DATASET RECORDS START

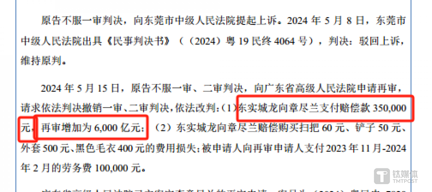 正当大家都认为该案件就此告一段落时,章尽兰却不服一审、二审判决,2024年5月15日,章尽兰再次向广东省高级人民法院申请再审,诉讼请求也依法改判:(1)东实城龙向章尽兰支付赔偿款35万元,再审增加为6000亿元;(2)东实城龙向章尽兰赔偿购买扫把60元、铲子50元、外套500元、黑色毛衣400元的费用损失;被申请人向再审申请人支付2023年11月-2024年2月的劳务费10万元。
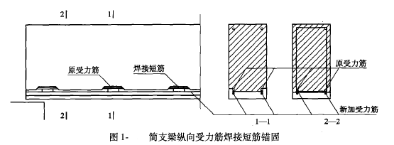 1)對簡支梁的加固縱向受力筋可采用短鋼筋或Z形鋼筋與梁中原縱向受力筋焊接。Z形筋直徑應(yīng)與被連接鋼筋中直徑較小的鋼筋相同。當(dāng)采用雙面焊時,焊縫長度不應(yīng)小于5d。靠近支座的3個錨固點(diǎn)間距不應(yīng)大于5OOmm(見圖1)。
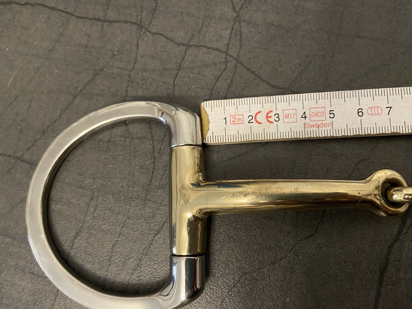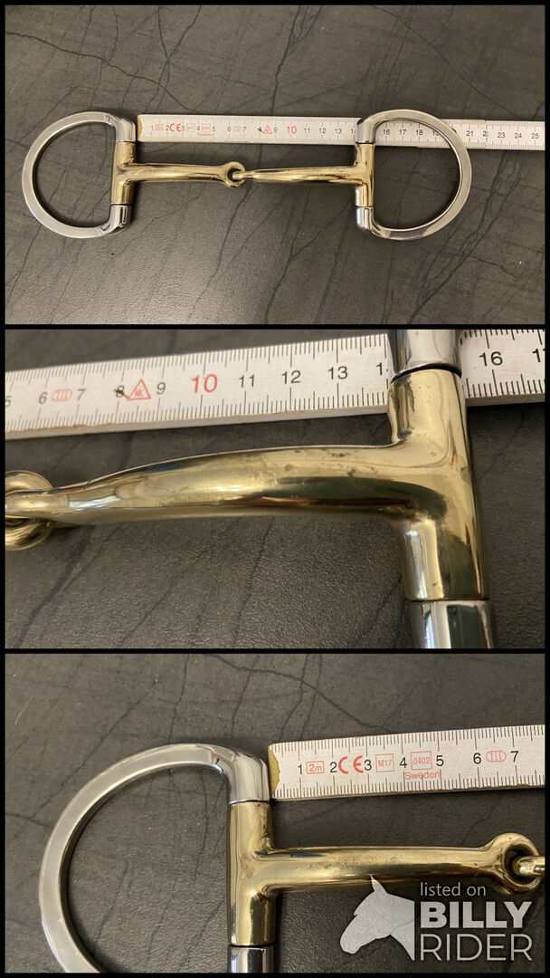 Anatomiskt formad. Enstaka trasiga. Styrka 12 mm. Bettet stimulerar salivation och uppmuntrar till lösryckning. D-ringarna är tillverkade av rostfritt stål rostfritt stål. Munstycket är tillverkat av en nickelfri legering som är mjukare än rostfritt stål och därför mjukare för hästens mun. Biten har använts två gånger. Ursprungspris 59,90 € (faktura juni 2021 tillgänglig) Längd: 14cm
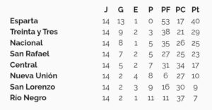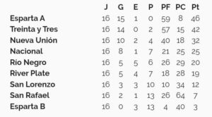 Clausura: El segundo campeonato de la temporada se jugará en dos copas: Oro y Plata. En la primera estarán las cuatro instituciones con mejor puntaje acumulado entre las dos categorías, y en la segunda los cinco restantes. Cabe señalar que Central y River Plate acumularon juntos (juegan cada uno en una sola generación). La tabla general cuenta con el siguiente puntaje: Esparta A 96 pts, Treinta y Tres 71, Nacional 50, Nueva Unión 42 (Oro), Central/River Plate 36, San Rafael 30, Río Negro 27, San Lorenzo 21, Esparta B 3 (Plata).
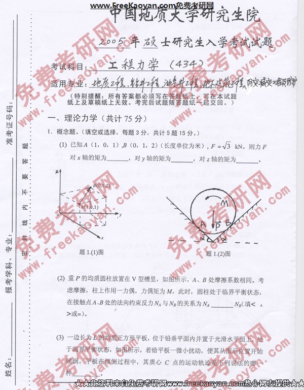 专业课考研经验 本站小编 FreeKaoyan 2018-01-23中国地质大学(武汉)2005年考研真题-工程地质学
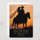 Save the Date! Country western style! A bride and groom ride off into the sunset horseback.
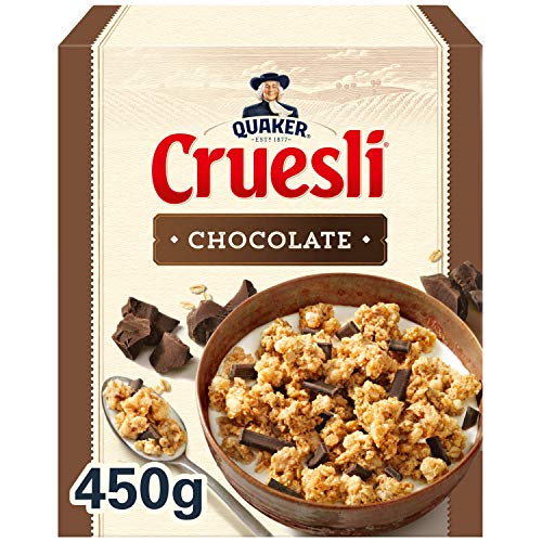 Quaker Cruesli Chocolade is een knapperige granenmix met goudbruin geroosterde volkoren havermout en heerlijke stukjes chocolade
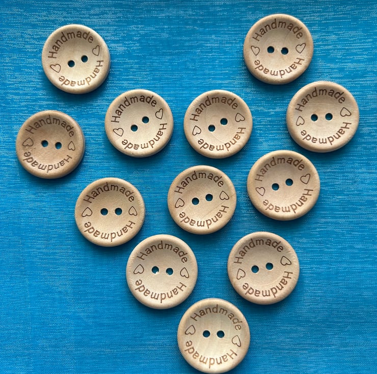 12 wooden buttons, each 25mm in diameter, with handmade printed on them.
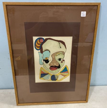 C. Metzroth Abstract Clown Art, signed, matted, framed, 25"h., 19"w. C. Metzroth Abstract Clown Art, signed, matted, framed, 25"h., 19"w.
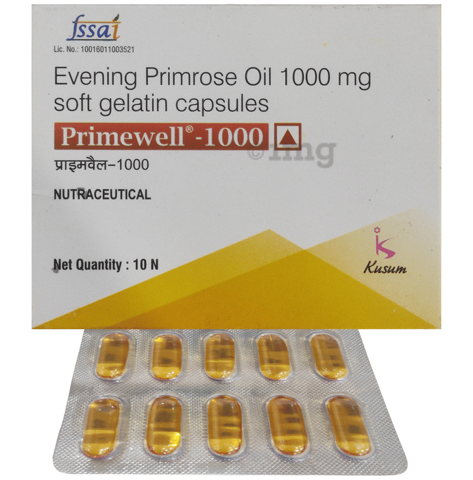 Primewell 1000mg Soft Gelatin Capsule contains Evening Primrose Oil (1000 mg) as the active ingredient and other ingredients including Food grade gelatin used in capsule shells (428), Glycerine (422), Sorbitol(420i), Soya Oil, Bees Wax (901), Antioxidant (320, 321) & Preservative (218, 216)
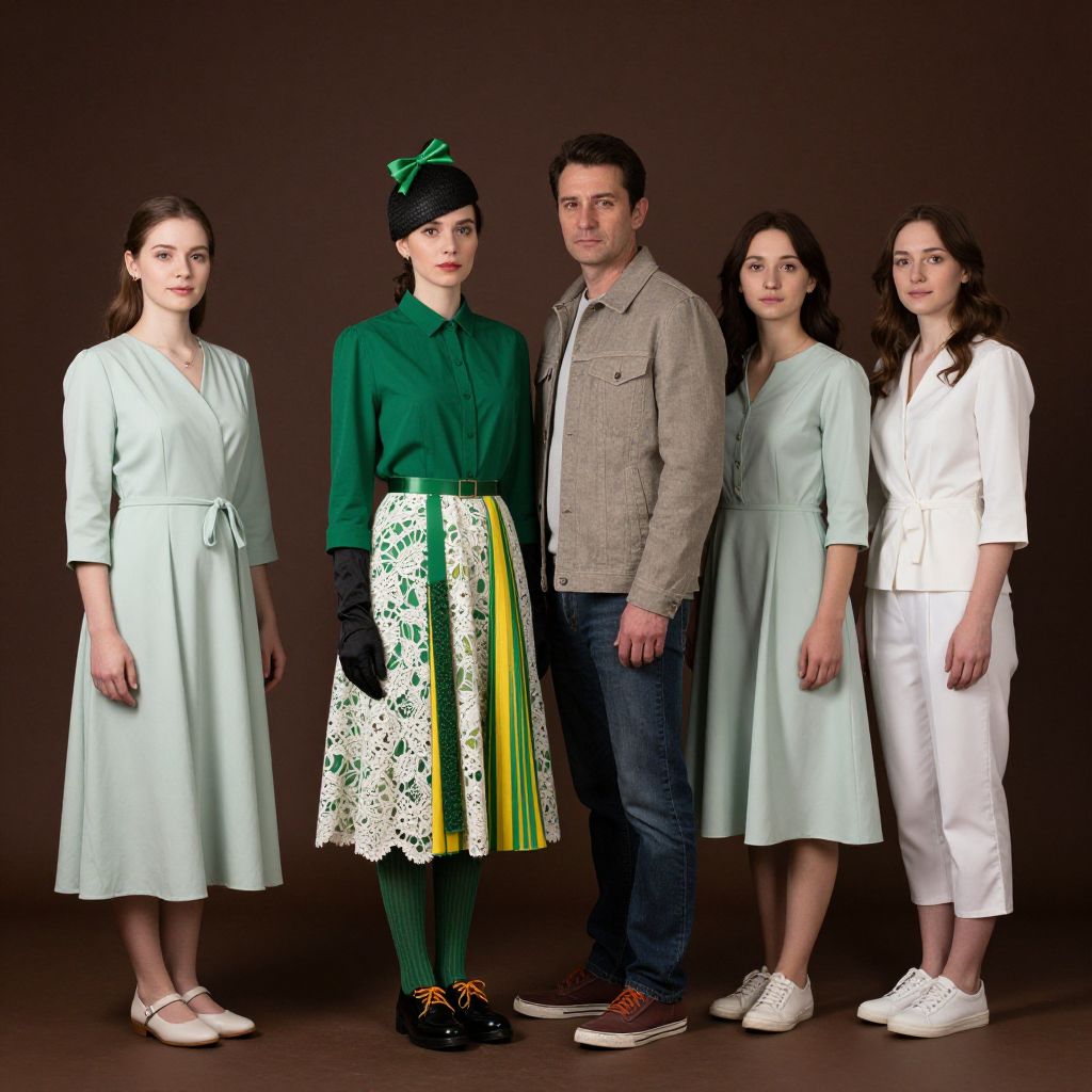A group of four individuals standing in a dark brown background: a female, a male, and two females. The female is wearing a green outfit featuring a white lace skirt with a green and yellow striped pattern, black gloves, and green striped socks. She wears a black hat adorned with a green ribbon at the top. Her shoes are black with orange laces. The male stands beside her, dressed in a neutral-toned jacket and jeans. The other two females are dressed in simple, coordinated outfits—both in light green and white, with matching accessories. The overall scene is softly lit, with the dark brown background creating a moody, elegant atmosphere. The green and yellow elements pop against the deep tones, adding a vibrant contrast to the setting.
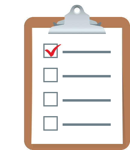 a clipboard with a checklist and a red tick
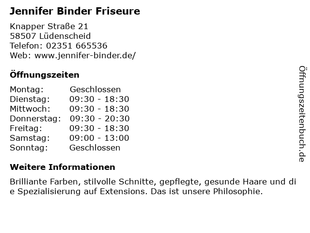 | Öffnungszeiten Jennifer Binder Friseure in Lüdenscheid anzeigen | |
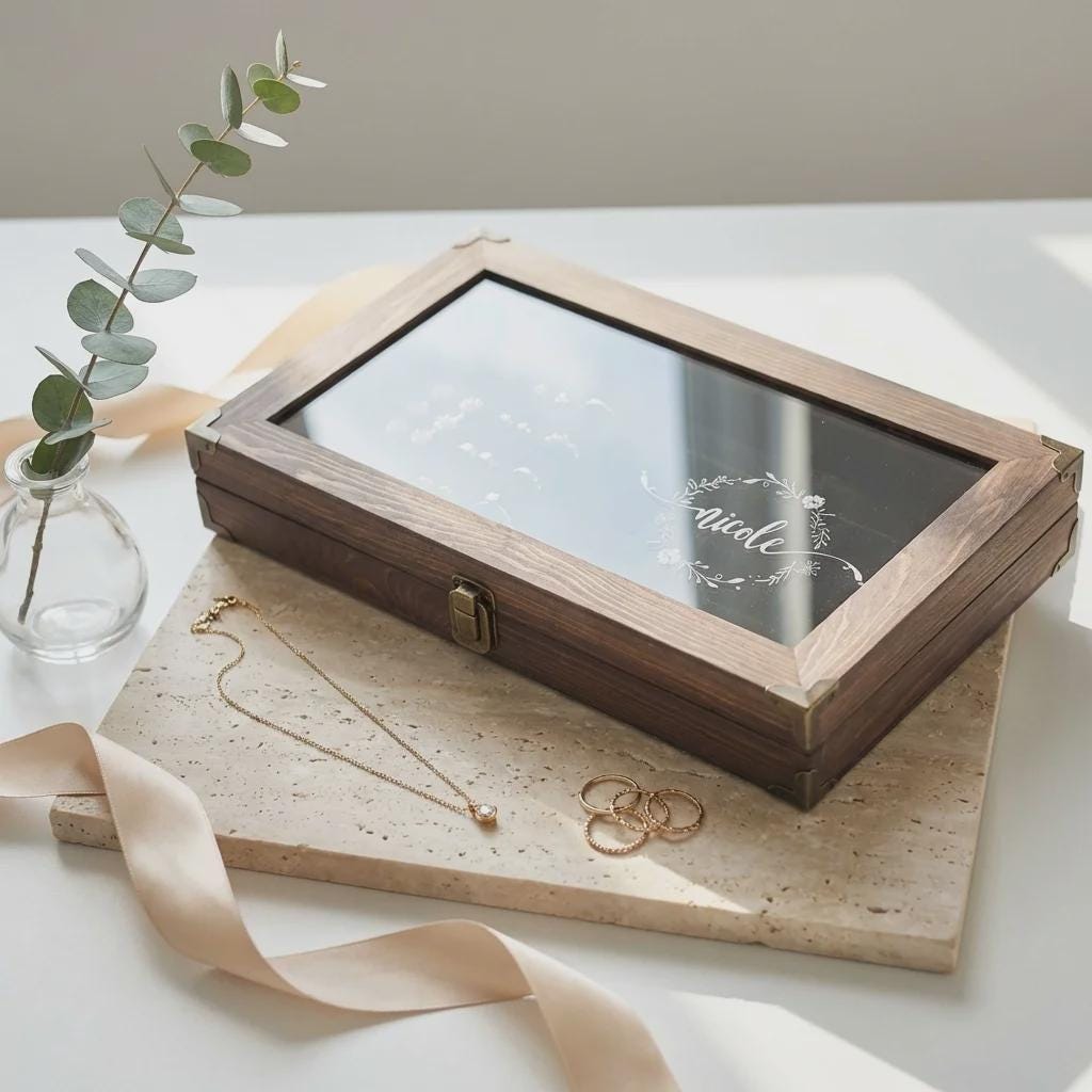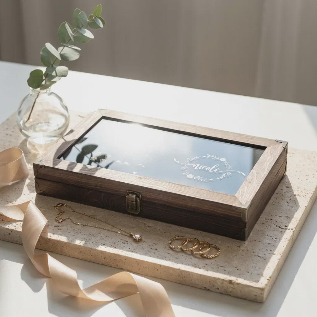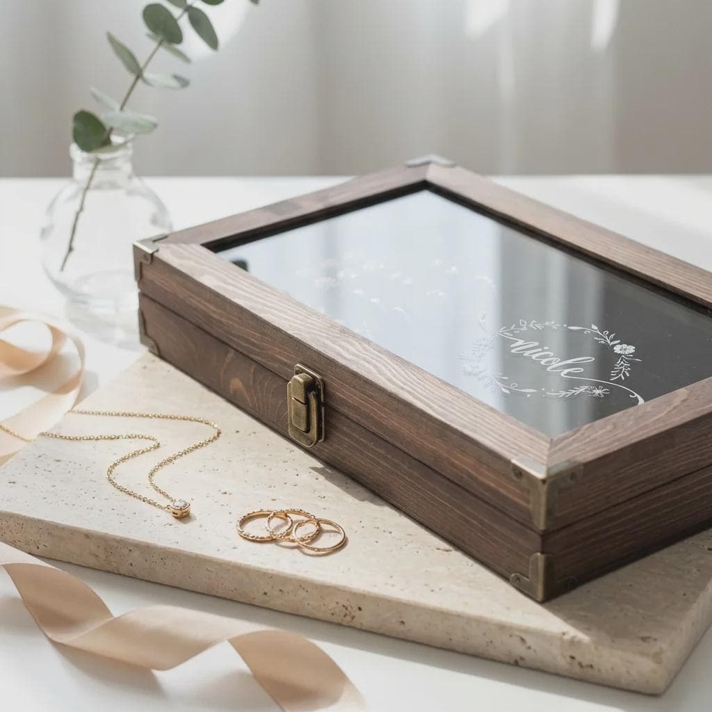 Personalized Wood Jewelry Box with Glass Lid, Custom Engraved Earring Organizer, Gift for Her
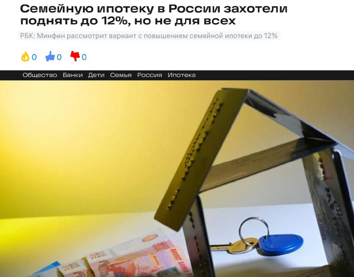 Привет, друзья! Сегодня мы поговорим о том, как изменение ставок по семейной ипотеке может повлиять на жизнь обычных семей. Представьте себе молодую семью, которая мечтает о детях. Они обсуждают, сколько детей им хотелось бы иметь, и как они смогут обеспечить им достойное будущее. И вот, новость о том, что ставку по семейной ипотеке хотят повысить, заставляет их задуматься: как это повлияет на их планы? Согласно сообщениям СМИ, ставку по семейной ипотеке хотят повысить до 12% для семей с первым ребёнком, до 6% — для семей со вторым ребёнком и до 4% — для семей с третьим ребёнком. Это означает, что семьи с несколькими детьми получат значительную поддержку от государства. В Минфине полагают, что такой подход сделает господдержку более адресной и позволит «усилить демографический эффект». Но что это значит для обычных людей? Для многих семей, которые хотят иметь детей, но боятся, что не смогут обеспечить им достойное будущее, такие изменения могут стать решающим фактором. Они смогут больш
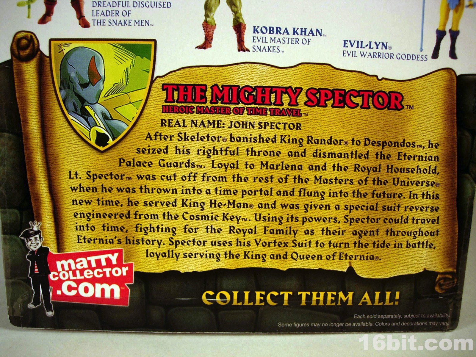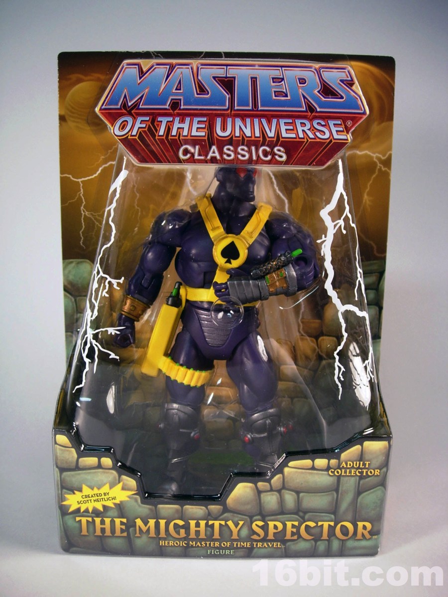 It might be bad of me to say this but there are times where I enjoy watching the ant farms that are toy forums get shaken up a bit. With The Mighty Spector we got to see the small (and intensely passionate and vocal) members of the Masters of the Universe's most popular board lose their collective cool for several months, despite the fact this is a pretty good figure. As a fan of the line who's not, shall we say, "engaged," I generally just get my figures and enjoy them. The line has its ups and downs, and some.shtmlects I don't necessarily love, but I don't begrudge the line for including a She-Ra character here or there as they have their fans. With Spector, Mattel made a separate subscription with six original characters and well, you could opt out. I guess figure fans are the same all over, so many of us feel compelled to buy every last one in a line regardless of if we like it or not. I'm glad to say I like this one.

DATASET RECORDS END

■ PROBLEM REQUIREMENTS ■
The expected result is every record above, word for word, with no pictures in it.

■ EXERCISE OUTPUT ■
 正当大家都认为该案件就此告一段落时,章尽兰却不服一审、二审判决,2024年5月15日,章尽兰再次向广东省高级人民法院申请再审,诉讼请求也依法改判:(1)东实城龙向章尽兰支付赔偿款35万元,再审增加为6000亿元;(2)东实城龙向章尽兰赔偿购买扫把60元、铲子50元、外套500元、黑色毛衣400元的费用损失;被申请人向再审申请人支付2023年11月-2024年2月的劳务费10万元。
 1)對簡支梁的加固縱向受力筋可采用短鋼筋或Z形鋼筋與梁中原縱向受力筋焊接。Z形筋直徑應(yīng)與被連接鋼筋中直徑較小的鋼筋相同。當(dāng)采用雙面焊時,焊縫長度不應(yīng)小于5d。靠近支座的3個錨固點(diǎn)間距不應(yīng)大于5OOmm(見圖1)。
 Anatomiskt formad. Enstaka trasiga. Styrka 12 mm. Bettet stimulerar salivation och uppmuntrar till lösryckning. D-ringarna är tillverkade av rostfritt stål rostfritt stål. Munstycket är tillverkat av en nickelfri legering som är mjukare än rostfritt stål och därför mjukare för hästens mun. Biten har använts två gånger. Ursprungspris 59,90 € (faktura juni 2021 tillgänglig) Längd: 14cm
 Clausura: El segundo campeonato de la temporada se jugará en dos copas: Oro y Plata. En la primera estarán las cuatro instituciones con mejor puntaje acumulado entre las dos categorías, y en la segunda los cinco restantes. Cabe señalar que Central y River Plate acumularon juntos (juegan cada uno en una sola generación). La tabla general cuenta con el siguiente puntaje: Esparta A 96 pts, Treinta y Tres 71, Nacional 50, Nueva Unión 42 (Oro), Central/River Plate 36, San Rafael 30, Río Negro 27, San Lorenzo 21, Esparta B 3 (Plata).
 专业课考研经验 本站小编 FreeKaoyan 2018-01-23中国地质大学(武汉)2005年考研真题-工程地质学
 Save the Date! Country western style! A bride and groom ride off into the sunset horseback.
 Quaker Cruesli Chocolade is een knapperige granenmix met goudbruin geroosterde volkoren havermout en heerlijke stukjes chocolade
 12 wooden buttons, each 25mm in diameter, with handmade printed on them.
 C. Metzroth Abstract Clown Art, signed, matted, framed, 25"h., 19"w. C. Metzroth Abstract Clown Art, signed, matted, framed, 25"h., 19"w.
 Primewell 1000mg Soft Gelatin Capsule contains Evening Primrose Oil (1000 mg) as the active ingredient and other ingredients including Food grade gelatin used in capsule shells (428), Glycerine (422), Sorbitol(420i), Soya Oil, Bees Wax (901), Antioxidant (320, 321) & Preservative (218, 216)
A group of four individuals standing in a dark brown background: a female, a male, and two females. The female is wearing a green outfit featuring a white lace skirt with a green and yellow striped pattern, black gloves, and green striped socks. She wears a black hat adorned with a green ribbon at the top. Her shoes are black with orange laces. The male stands beside her, dressed in a neutral-toned jacket and jeans. The other two females are dressed in simple, coordinated outfits—both in light green and white, with matching accessories. The overall scene is softly lit, with the dark brown background creating a moody, elegant atmosphere. The green and yellow elements pop against the deep tones, adding a vibrant contrast to the setting.
 a clipboard with a checklist and a red tick
 | Öffnungszeiten Jennifer Binder Friseure in Lüdenscheid anzeigen | |
 Personalized Wood Jewelry Box with Glass Lid, Custom Engraved Earring Organizer, Gift for Her
 Привет, друзья! Сегодня мы поговорим о том, как изменение ставок по семейной ипотеке может повлиять на жизнь обычных семей. Представьте себе молодую семью, которая мечтает о детях. Они обсуждают, сколько детей им хотелось бы иметь, и как они смогут обеспечить им достойное будущее. И вот, новость о том, что ставку по семейной ипотеке хотят повысить, заставляет их задуматься: как это повлияет на их планы? Согласно сообщениям СМИ, ставку по семейной ипотеке хотят повысить до 12% для семей с первым ребёнком, до 6% — для семей со вторым ребёнком и до 4% — для семей с третьим ребёнком. Это означает, что семьи с несколькими детьми получат значительную поддержку от государства. В Минфине полагают, что такой подход сделает господдержку более адресной и позволит «усилить демографический эффект». Но что это значит для обычных людей? Для многих семей, которые хотят иметь детей, но боятся, что не смогут обеспечить им достойное будущее, такие изменения могут стать решающим фактором. Они смогут больш
 It might be bad of me to say this but there are times where I enjoy watching the ant farms that are toy forums get shaken up a bit. With The Mighty Spector we got to see the small (and intensely passionate and vocal) members of the Masters of the Universe's most popular board lose their collective cool for several months, despite the fact this is a pretty good figure. As a fan of the line who's not, shall we say, "engaged," I generally just get my figures and enjoy them. The line has its ups and downs, and some.shtmlects I don't necessarily love, but I don't begrudge the line for including a She-Ra character here or there as they have their fans. With Spector, Mattel made a separate subscription with six original characters and well, you could opt out. I guess figure fans are the same all over, so many of us feel compelled to buy every last one in a line regardless of if we like it or not. I'm glad to say I like this one.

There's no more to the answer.